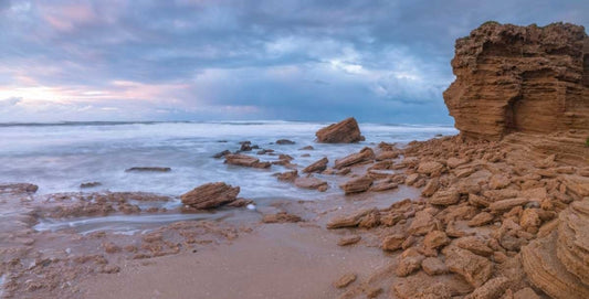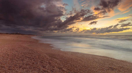 Beautiful beach with cloudscape White Modern Wood Framed Art Print with Double Matting by Frank, Assaf
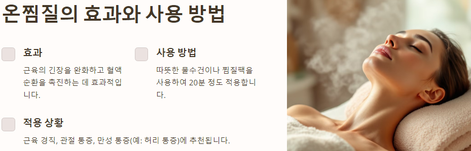 온찜질은 다음과 같은 상황에서 추천됩니다:
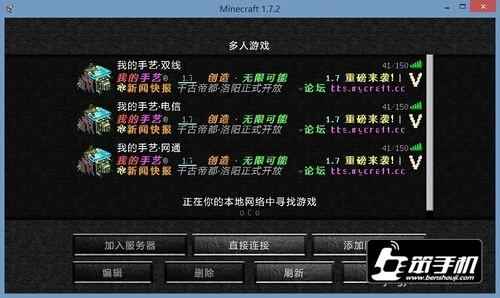 以上都做完之后,让你的小伙伴把mc打开(一定要是同一个版本),在主页上选择多人游戏。
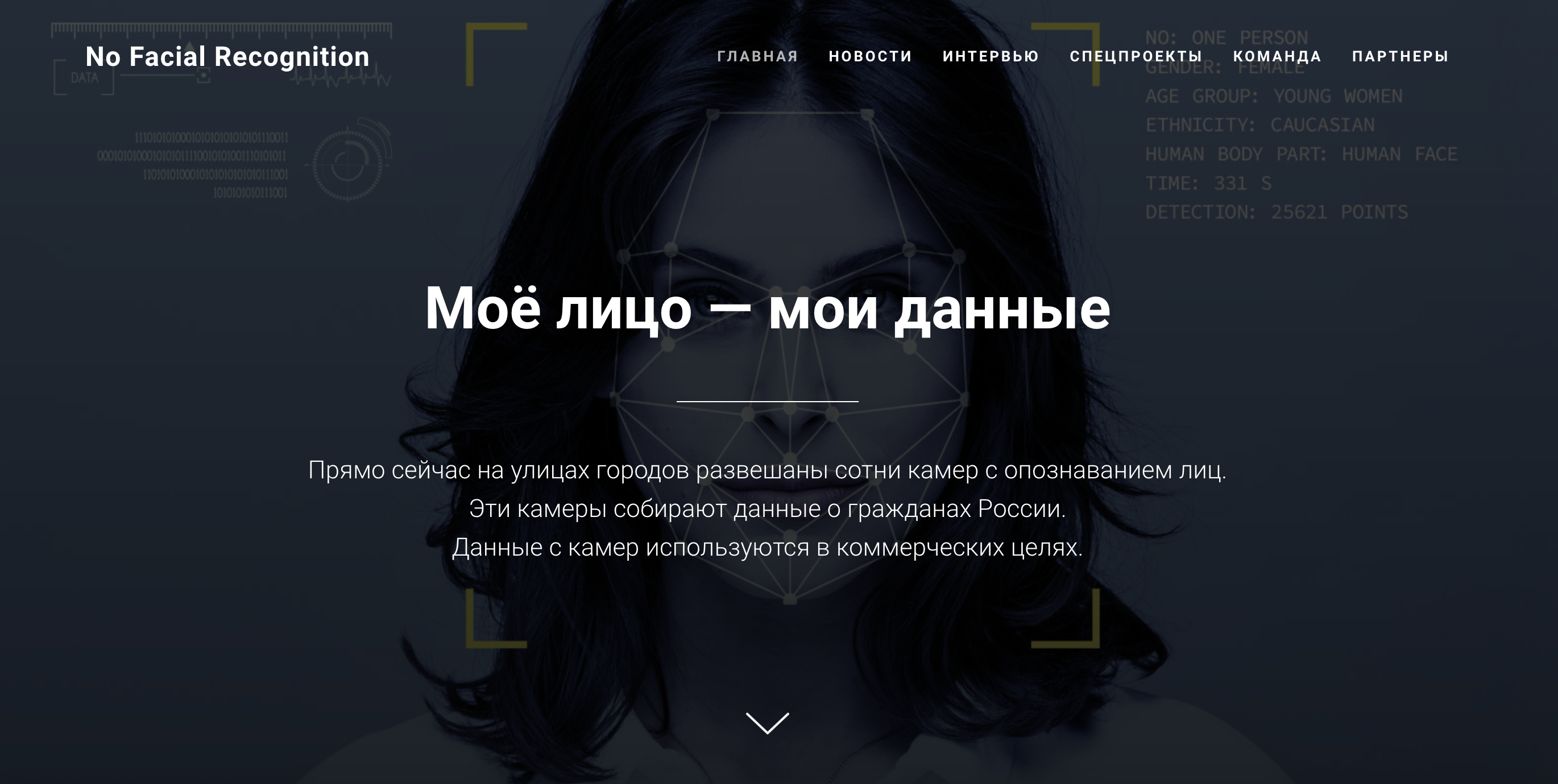 #nofacialrecognition – кампания против внедрения системы распознавания лиц. В кампанию входит петиция, дискуссии и четыре предложения по новым законам, которые разрабатываются с юридическим и академическим сообществом по защите приватности. Этот законопроект мы будем лоббировать в Госдуму.
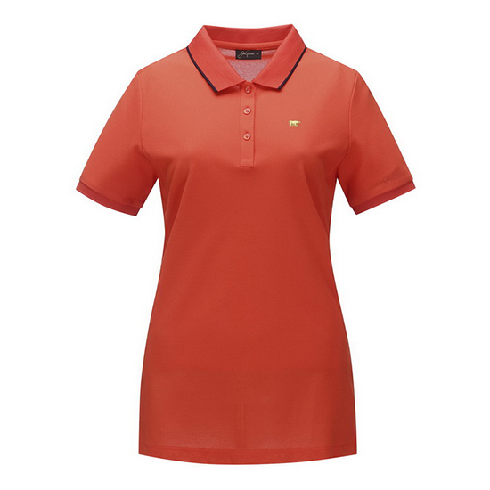 - 카라 라인 배색 디테일의 스포티한 여성 티셔츠.
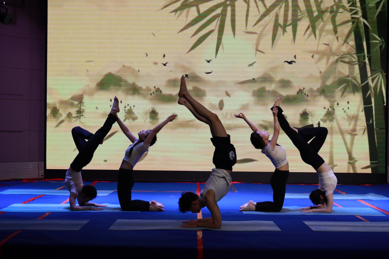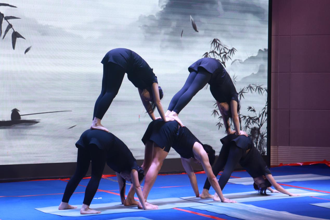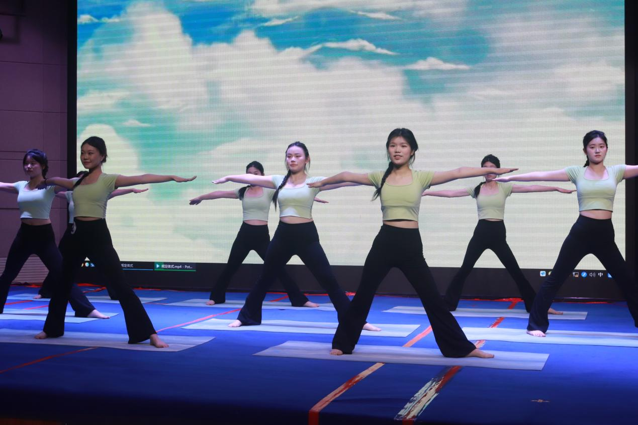本次比赛设置健身瑜伽自编套路及规定套路两个项目,既考验选手的艺术创造力,又彰显瑜伽运动的规范性与技术深度。来自七个二级学院的参赛团队,“以身为笔、以息为墨”,在方寸之间勾勒出力与美的诗篇,宛如灵动的精灵,将身体的柔软与生命的力量完美融合,在这方舞台上绘就出灵动而美妙的画面。
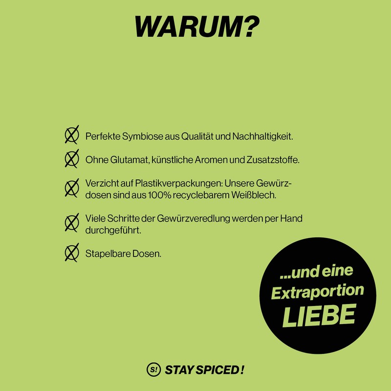 - Thanks to the high-quality production and selection of elegant spices and herbs, you will quickly notice that Stay Spiced! in the Champions League of the spice world. What are you waiting for? Become a member of our STAY SPICED family!
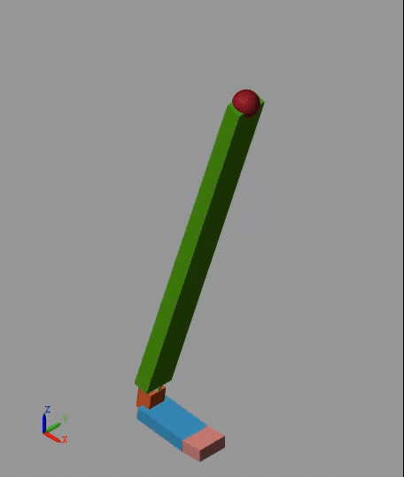 下の動画は、ペンギンの骨格に基づいたモデルを用いた運動学シミュレーションです。このシミュレーションでは、姿勢を維持した状態での床の姿勢角の変更に伴う足先の位置を決定しています。
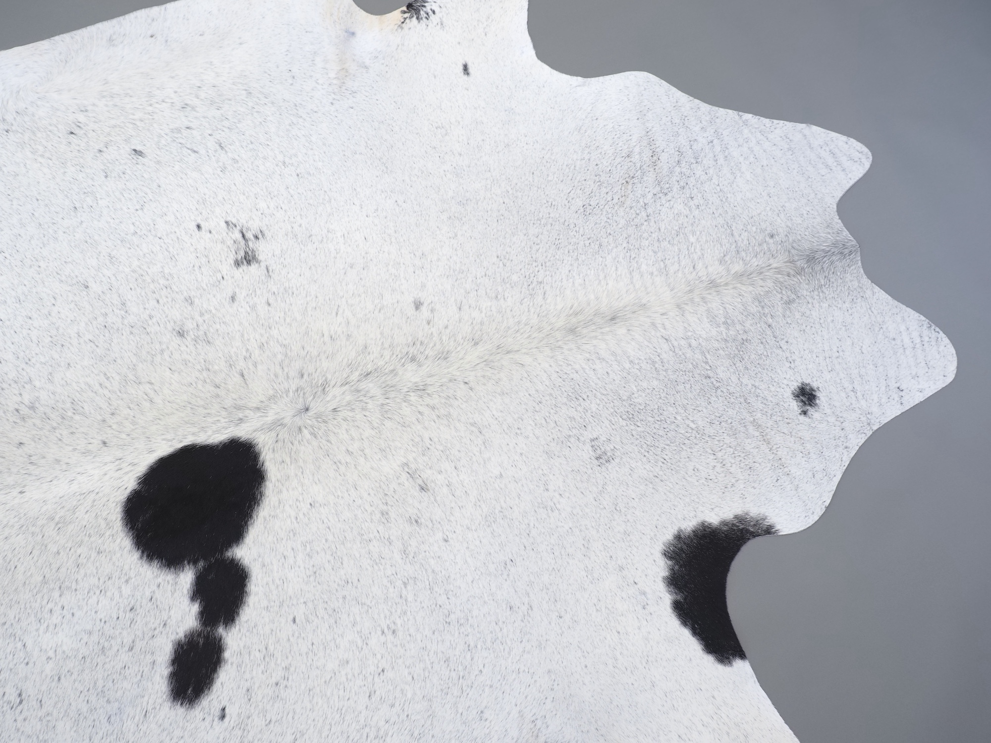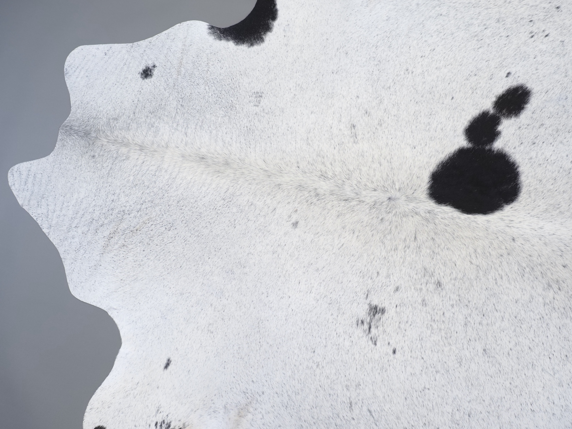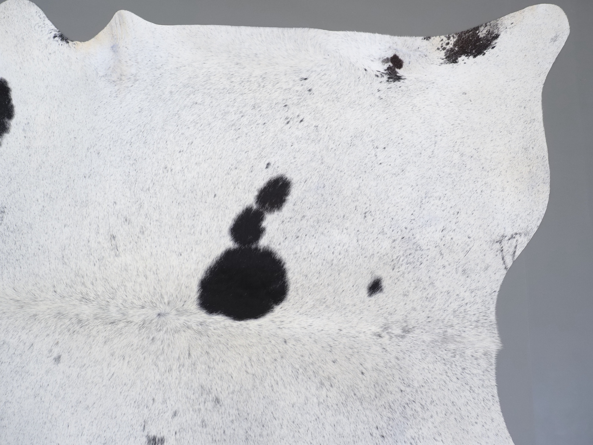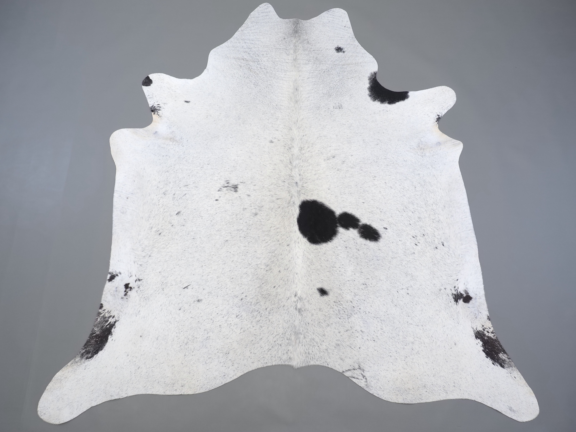 Шкура коровья натуральная соль и перец - порода имеет вкрампления черных или коричневых цветов на белом фоне волосяного покрова.
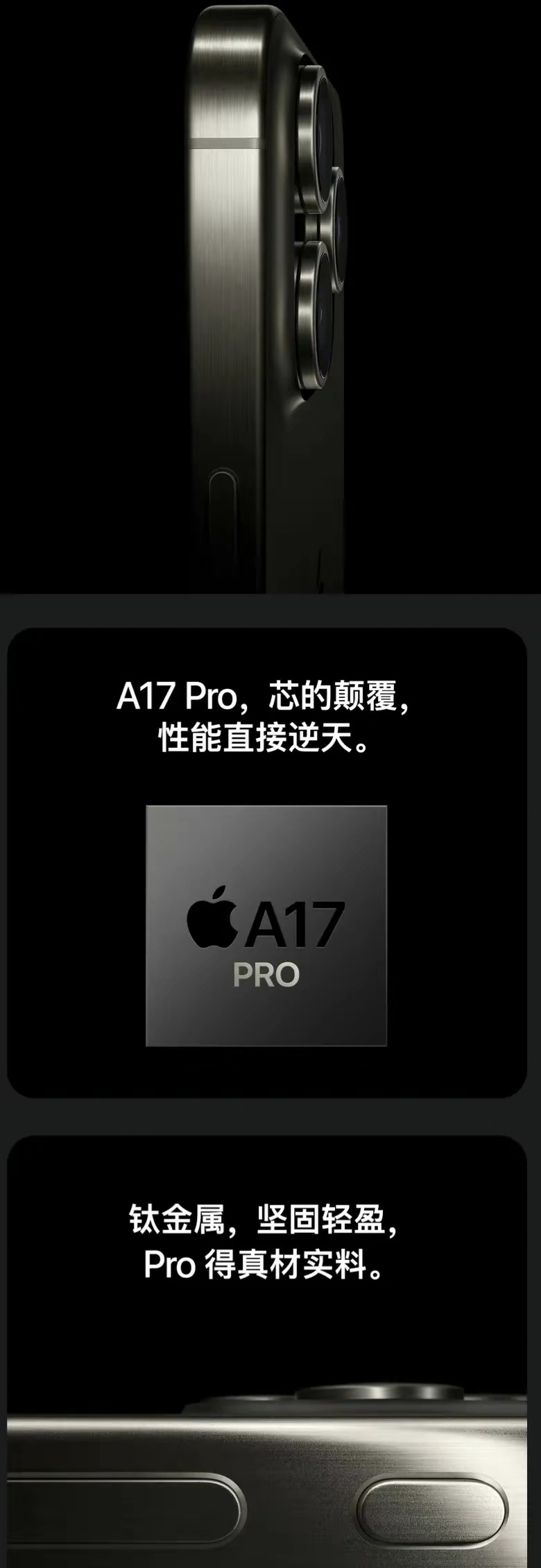 推荐理由:处理器为A17Pro性能顶级,续航安全感满满,苹果品牌辨识度高,iOS生态遥遥领先,钛金属材质让“土豪们”有了炫富的“理由”。
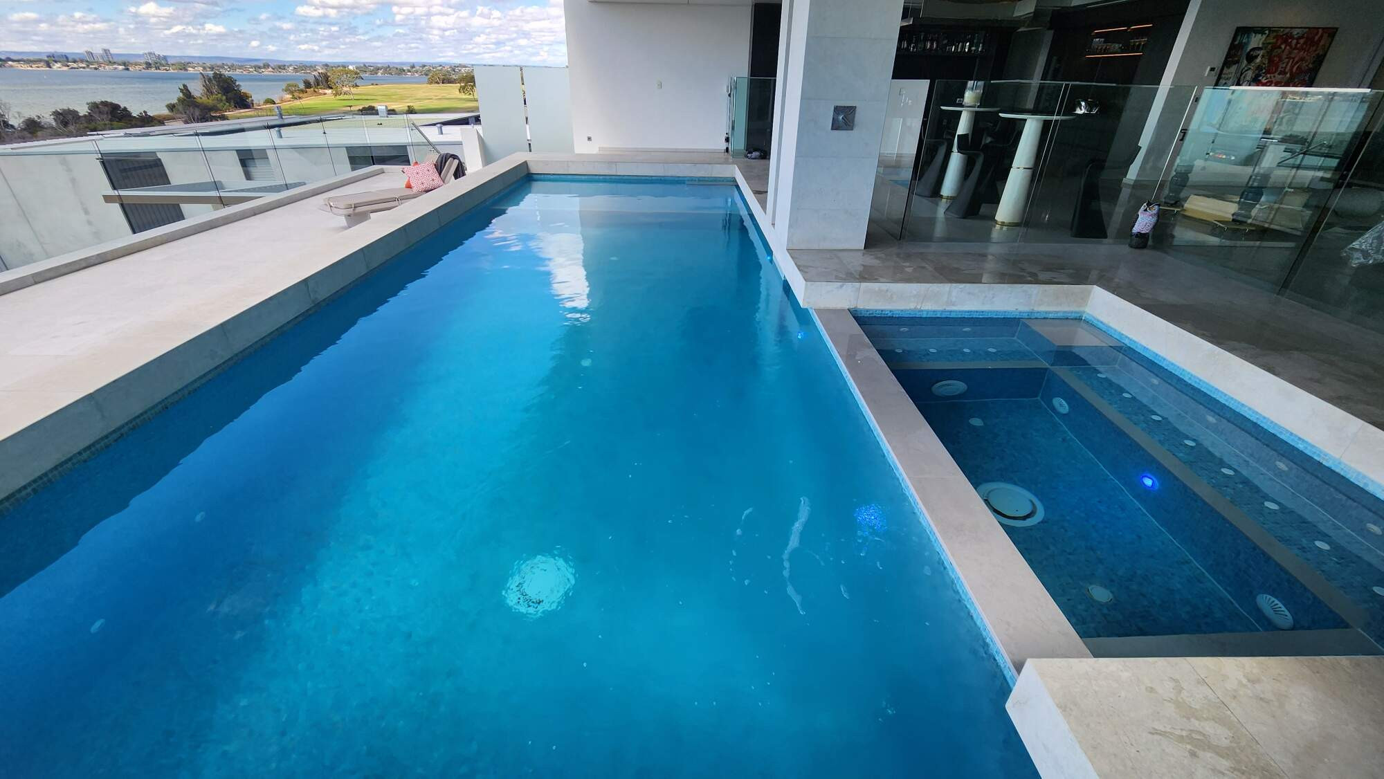 A stunning revitalisation has created a spectacular riverfront vision within the borders of an already spectacular home. By removing imposing internal piers and lengthening the pool deck this pool has matured from a clunky impractical combo into a sleek and sophisticated accompaniment to an exquisite home and location.

To do ▸
Leave out every picture and copy verbatim the lines running from the line containing "Шкура коровья натуральная" through the final line of the data.

Result ▸
 Шкура коровья натуральная соль и перец - порода имеет вкрампления черных или коричневых цветов на белом фоне волосяного покрова.
 推荐理由:处理器为A17Pro性能顶级,续航安全感满满,苹果品牌辨识度高,iOS生态遥遥领先,钛金属材质让“土豪们”有了炫富的“理由”。
 A stunning revitalisation has created a spectacular riverfront vision within the borders of an already spectacular home. By removing imposing internal piers and lengthening the pool deck this pool has matured from a clunky impractical combo into a sleek and sophisticated accompaniment to an exquisite home and location.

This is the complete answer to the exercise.